What the task asks
Copy every record below exactly, leaving out any pictures.

Source records

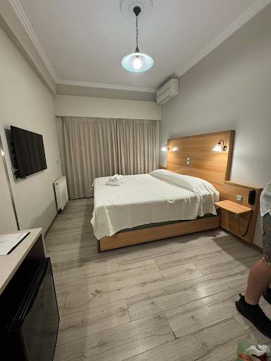Overall, the location is the only good thing about this hotel. Except for the receptionist Philippos, and the bartender in the cafe, the staff is extremely unwelcoming and rude - customer service and satisfaction is close to null. Although the rooms look like they’re refurbished, our room smelled like sewage despite efforts of cleaning it up, the AC does not work properly, there is no complimentary coffee and water was only offered the first day of our stay. Another couple’s room even had cockroaches! Also, we could never seem to find a parking spot nearby as it’s always rush hour in the center and the hotel does not provide such services. The worst experience was the cafe - the breakfast buffet is very cheap with limited varieties given the food culture of the country and food was always served cold. It looked like the cafe waitresses are deliberately being rude. At one point, one of the waitresses screamed at me from across the very busy cafe for serving myself coffee from the breakfast buffet. She was scared i would break the handle!
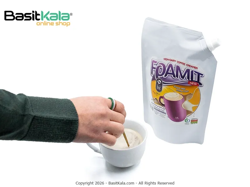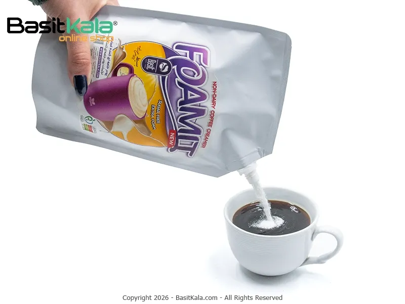 پودر خامهای کننده بسیط (فومیت) با فوم زیاد و بافت نرم، تولید شده با مواد درجه یک خارجی و فاقد شکر؛ محصولی غیرلبنی بر پایه گیاهی، برای بهبود و متعادل کردن طعم قهوه و مخملی کردن آن
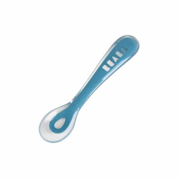 La Beaba Cuillère 2ème âge silicone bleu est disponible sur bebemaman.ma, livraison rapide au Maroc.
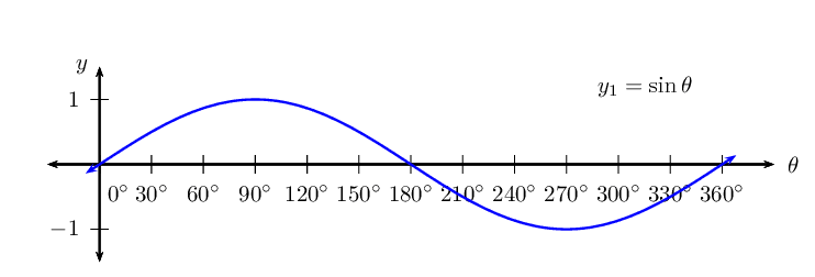 For \(y = \sin \theta\), the domain is \(\{ \theta: \theta \in \mathbb{R} \}\), however in this case, the domain has been restricted to the interval \(\text{0}\text{°} \leq \theta \leq \text{360}\text{°}\).
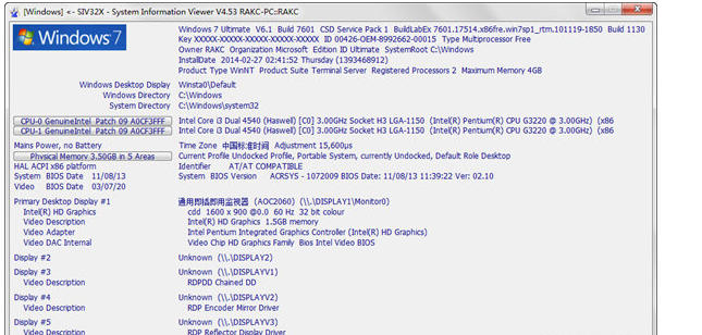 4、显卡型号、显存大小,显卡支持的分辨率模式和颜色数量等。
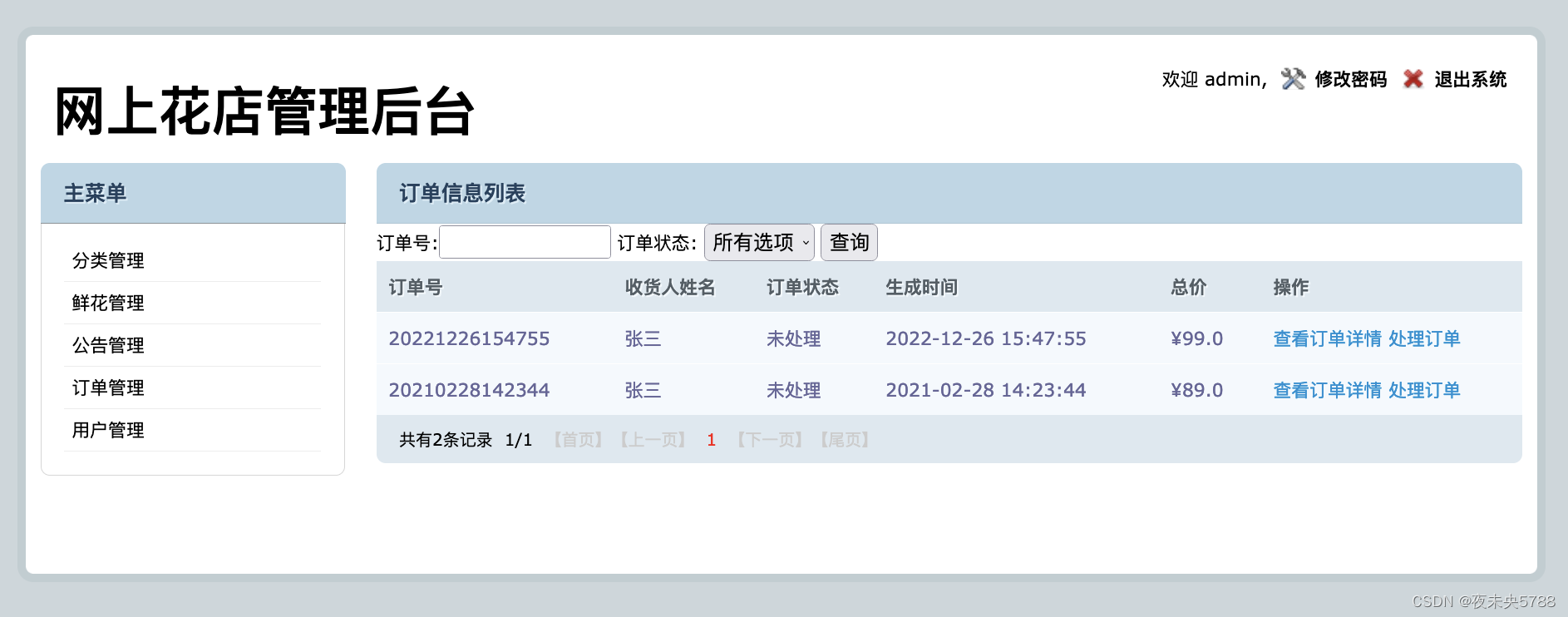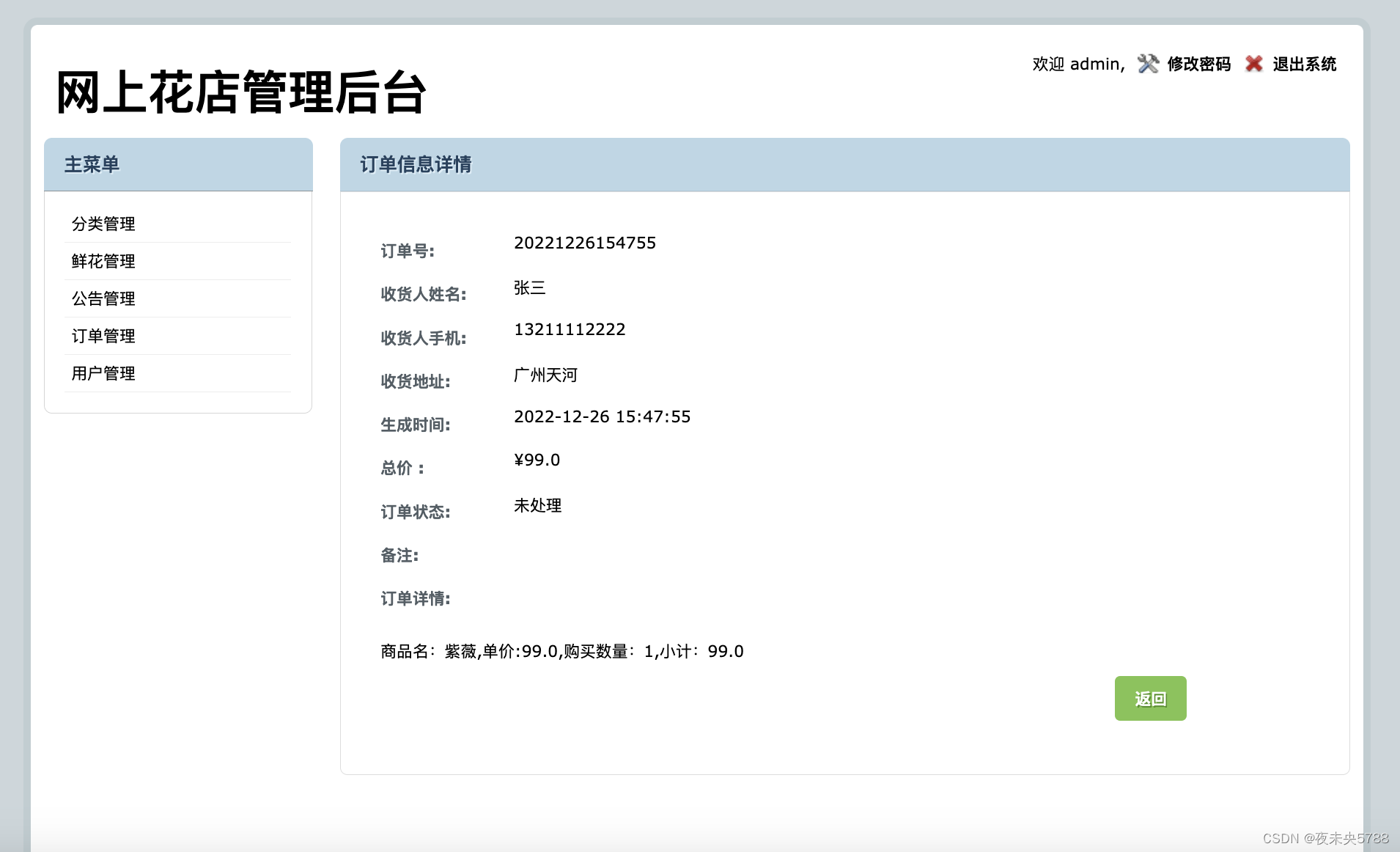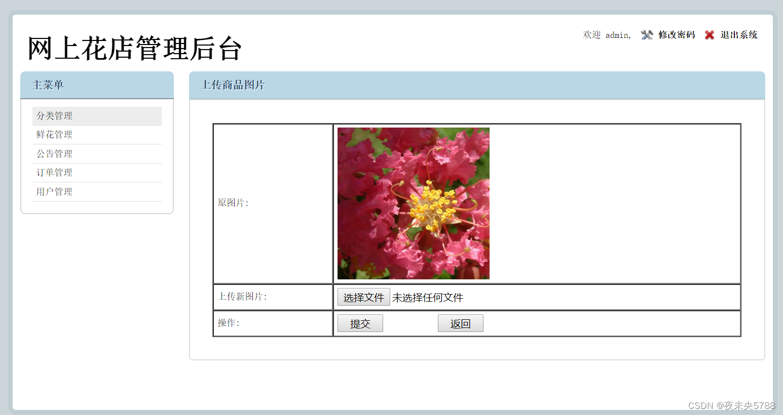 后台地址:http://localhost:8080/flowerstore/manage/login.jsp

Written reply
Overall, the location is the only good thing about this hotel. Except for the receptionist Philippos, and the bartender in the cafe, the staff is extremely unwelcoming and rude - customer service and satisfaction is close to null. Although the rooms look like they’re refurbished, our room smelled like sewage despite efforts of cleaning it up, the AC does not work properly, there is no complimentary coffee and water was only offered the first day of our stay. Another couple’s room even had cockroaches! Also, we could never seem to find a parking spot nearby as it’s always rush hour in the center and the hotel does not provide such services. The worst experience was the cafe - the breakfast buffet is very cheap with limited varieties given the food culture of the country and food was always served cold. It looked like the cafe waitresses are deliberately being rude. At one point, one of the waitresses screamed at me from across the very busy cafe for serving myself coffee from the breakfast buffet. She was scared i would break the handle!
 پودر خامهای کننده بسیط (فومیت) با فوم زیاد و بافت نرم، تولید شده با مواد درجه یک خارجی و فاقد شکر؛ محصولی غیرلبنی بر پایه گیاهی، برای بهبود و متعادل کردن طعم قهوه و مخملی کردن آن
 La Beaba Cuillère 2ème âge silicone bleu est disponible sur bebemaman.ma, livraison rapide au Maroc.
 For \(y = \sin \theta\), the domain is \(\{ \theta: \theta \in \mathbb{R} \}\), however in this case, the domain has been restricted to the interval \(\text{0}\text{°} \leq \theta \leq \text{360}\text{°}\).
 4、显卡型号、显存大小,显卡支持的分辨率模式和颜色数量等。
 后台地址:http://localhost:8080/flowerstore/manage/login.jsp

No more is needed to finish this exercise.